→ **Exercise details**
Would you reproduce each line below exactly, leaving every picture out?

→ **Data**
+++++

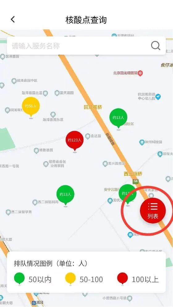 2. 【核酸检测点】功能页面,核酸点气泡的颜色代表当前点位排队的人数。
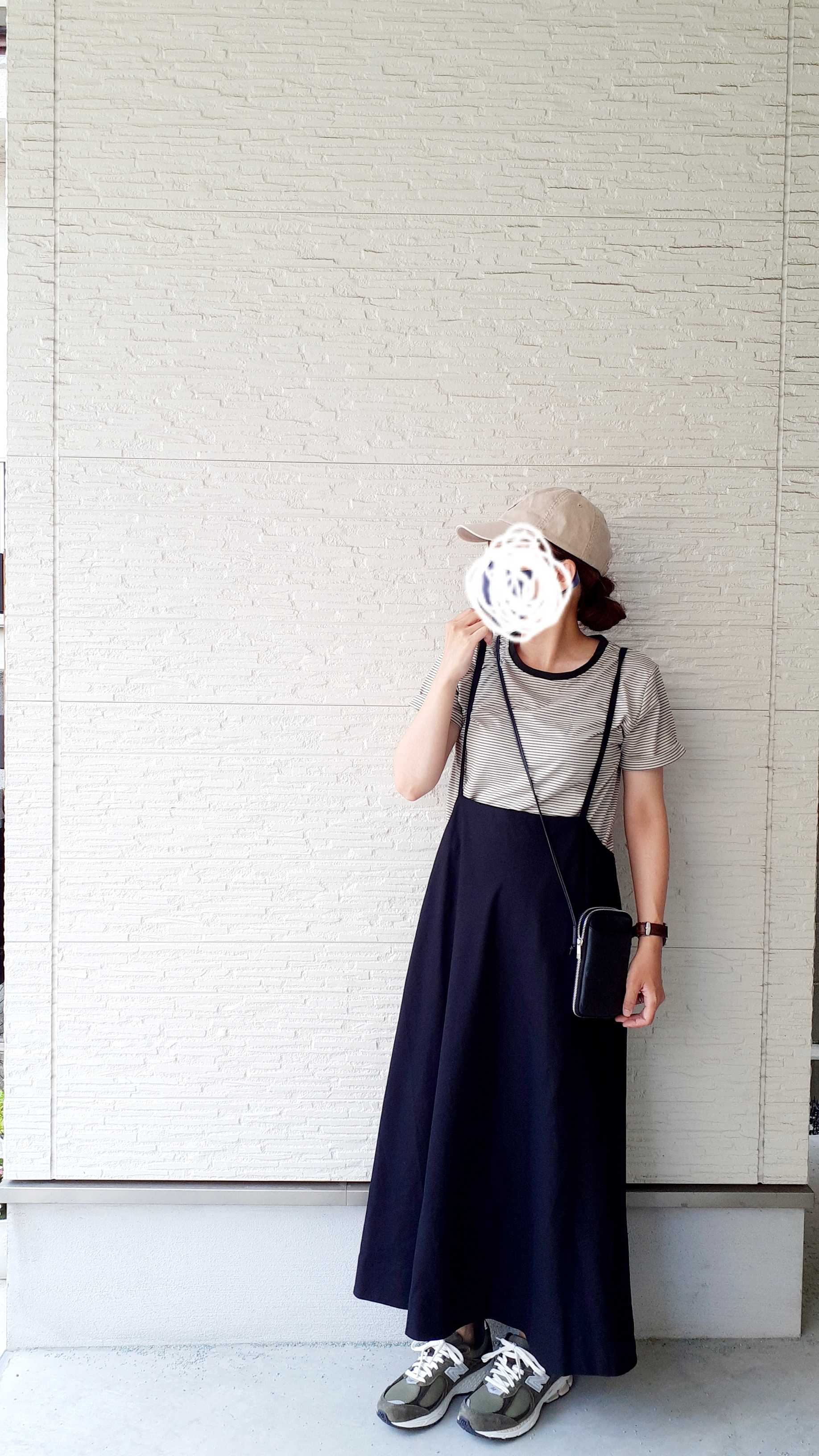 合わせているスカートは、ドアーズのサスペンダーフレアスカート。
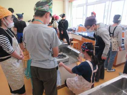 ガスコンロに火を入れるところからでしたが、おっかなびっくりの様子。
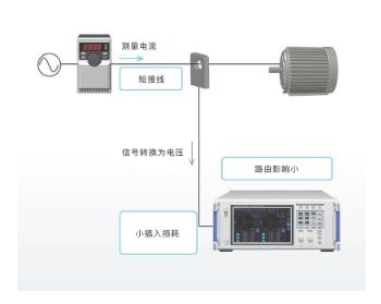 將電流傳感器連接到測(cè)量對(duì)象的配線(xiàn)上。減輕了配線(xiàn)和 測(cè)量?jī)x器損耗的影響,能夠在最接近實(shí)際工作環(huán)境的接 線(xiàn)狀態(tài)下測(cè)量高效率系統(tǒng)。
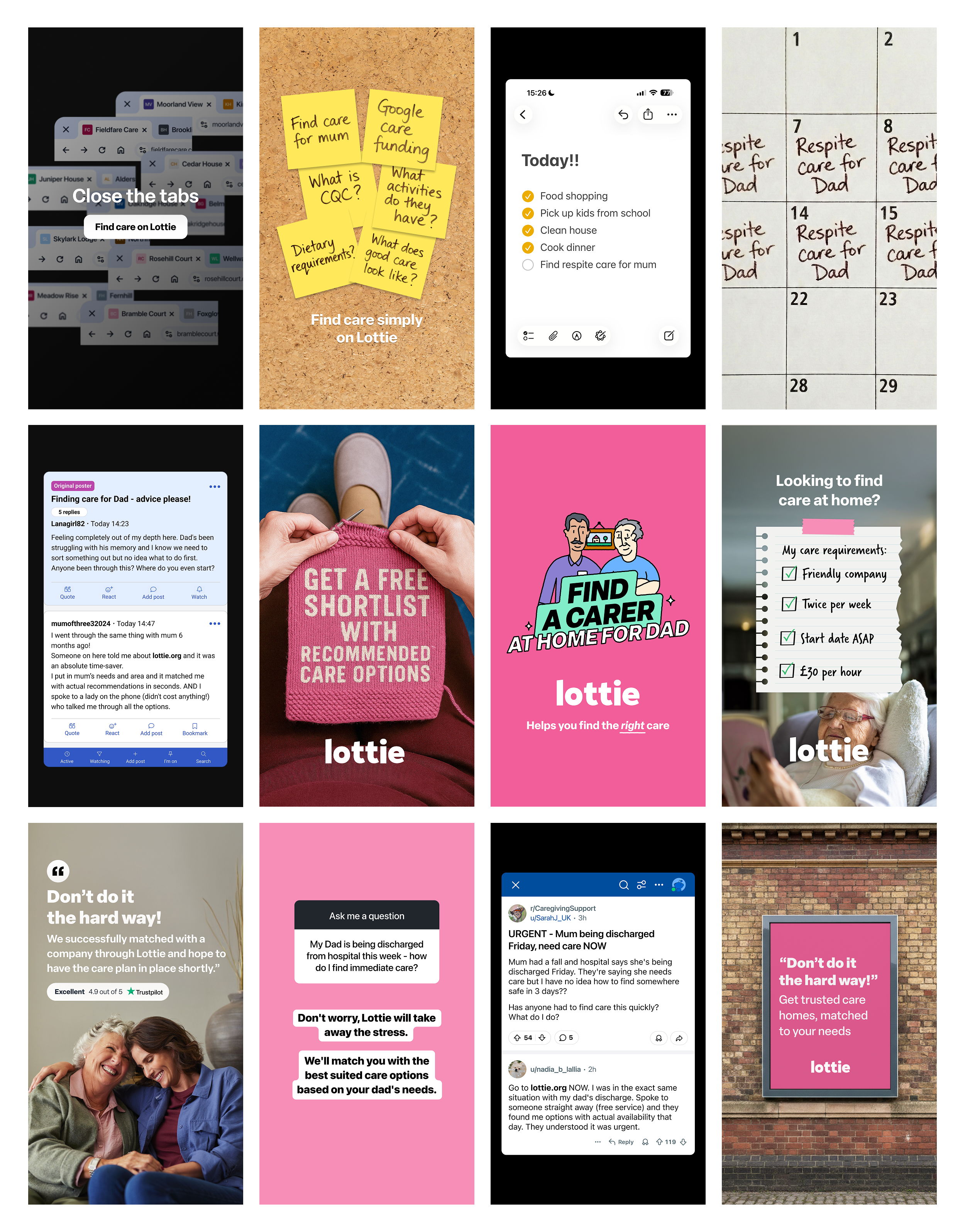 215% YoY revenue growth on Meta. The shift? Less iteration, more innovation. Each month, I work closely with Marketing to launch entirely new creative concepts - not small optimisations, but fundamentally different ideas. AI helps us move faster from idea to execution, allowing us to test more and learn quicker. Bold, direct ads that cement Lottie as the UK’s number one care marketplace.
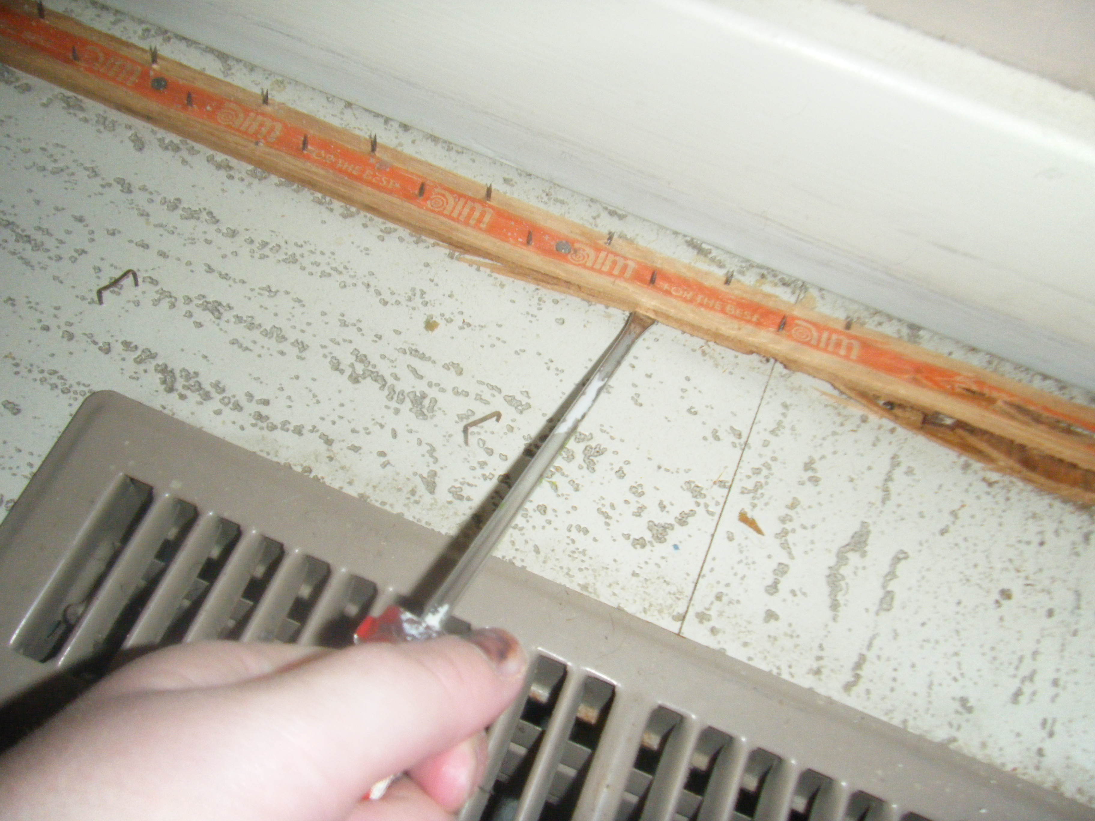 Once I had all of the carpet up, I threw it outside (our bedroom has an outside door in it that accesses our deck — I’ve never been so grateful for that. Had I had to drag all of that nastiness through the house…well, I don’t even want to think about it). Back to the Internet!  How to remove that ubiquitous carpet tacking?  Easy!  Take a screwdriver and wedge it underneath the tacking; lightly tap the end of the screwdriver with a hammer; pry it up; and pull out the nails in the floor with the claw-end of the hammer.  Use the screwdriver and pliers to pull up all of the staples around the room (the staples are used to keep the padding down).
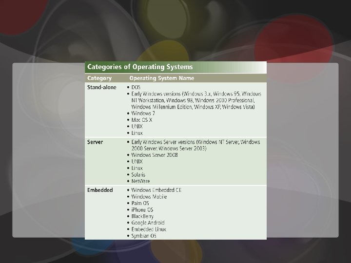 Operating Systems An operating system (OS) is a set of programs containing instructions that work together to coordinate all the activities among computer hardware resources Start and shut Manage Provide a down a computer user interface programs memory Coordinate tasks Configure devices Establish an Internet connection Monitor performance Provide utilities Automatically update Control a network Administer security
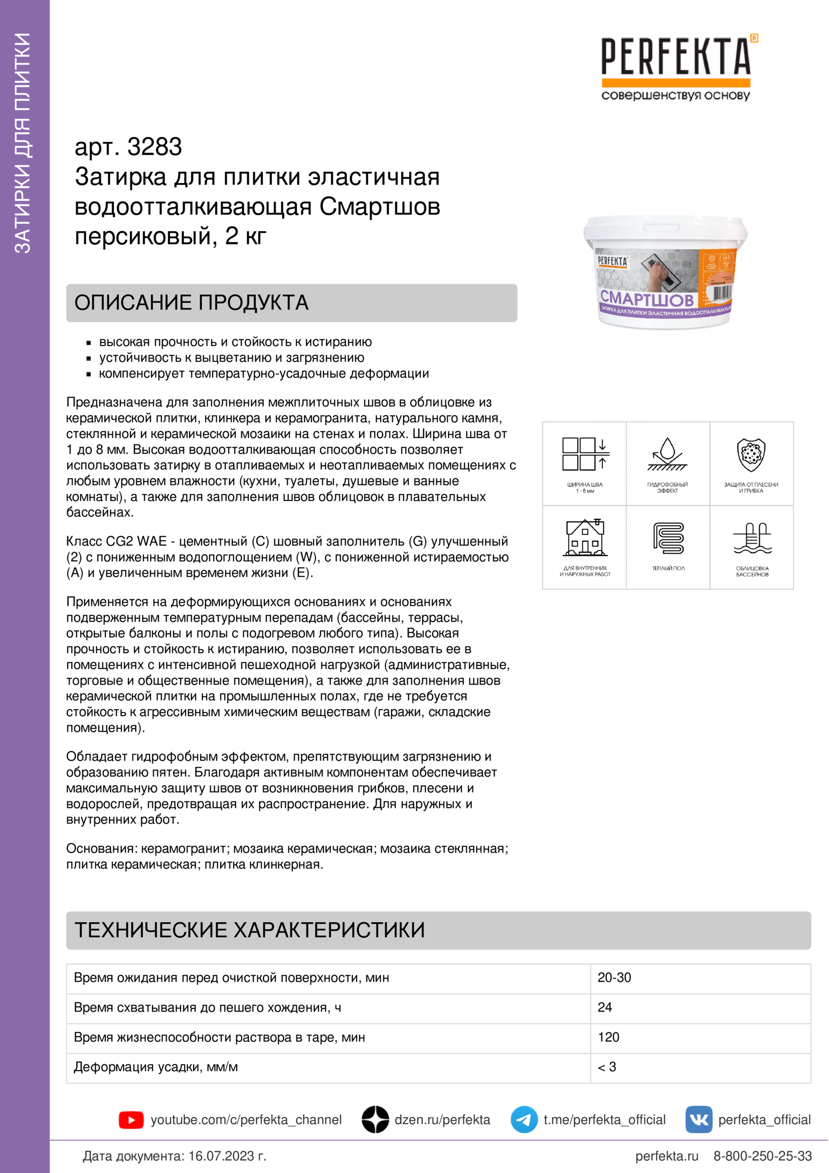 Все рекомендации и технические характеристики верны при температуре окружающей среды +20 С и относительной влажности 60 %. Качество материала гарантируется только при точном соблюдении инструкции производителя по технологии применения и требований СНиП и СП. Данная инструкция теряет силу после появления новой версии на сайте perfekta.ru.

+++++

→ **Result of the task**
 2. 【核酸检测点】功能页面,核酸点气泡的颜色代表当前点位排队的人数。
 合わせているスカートは、ドアーズのサスペンダーフレアスカート。
 ガスコンロに火を入れるところからでしたが、おっかなびっくりの様子。
 將電流傳感器連接到測(cè)量對(duì)象的配線(xiàn)上。減輕了配線(xiàn)和 測(cè)量?jī)x器損耗的影響,能夠在最接近實(shí)際工作環(huán)境的接 線(xiàn)狀態(tài)下測(cè)量高效率系統(tǒng)。
 215% YoY revenue growth on Meta. The shift? Less iteration, more innovation. Each month, I work closely with Marketing to launch entirely new creative concepts - not small optimisations, but fundamentally different ideas. AI helps us move faster from idea to execution, allowing us to test more and learn quicker. Bold, direct ads that cement Lottie as the UK’s number one care marketplace.
 Once I had all of the carpet up, I threw it outside (our bedroom has an outside door in it that accesses our deck — I’ve never been so grateful for that. Had I had to drag all of that nastiness through the house…well, I don’t even want to think about it). Back to the Internet!  How to remove that ubiquitous carpet tacking?  Easy!  Take a screwdriver and wedge it underneath the tacking; lightly tap the end of the screwdriver with a hammer; pry it up; and pull out the nails in the floor with the claw-end of the hammer.  Use the screwdriver and pliers to pull up all of the staples around the room (the staples are used to keep the padding down).
 Operating Systems An operating system (OS) is a set of programs containing instructions that work together to coordinate all the activities among computer hardware resources Start and shut Manage Provide a down a computer user interface programs memory Coordinate tasks Configure devices Establish an Internet connection Monitor performance Provide utilities Automatically update Control a network Administer security
 Все рекомендации и технические характеристики верны при температуре окружающей среды +20 С и относительной влажности 60 %. Качество материала гарантируется только при точном соблюдении инструкции производителя по технологии применения и требований СНиП и СП. Данная инструкция теряет силу после появления новой версии на сайте perfekta.ru.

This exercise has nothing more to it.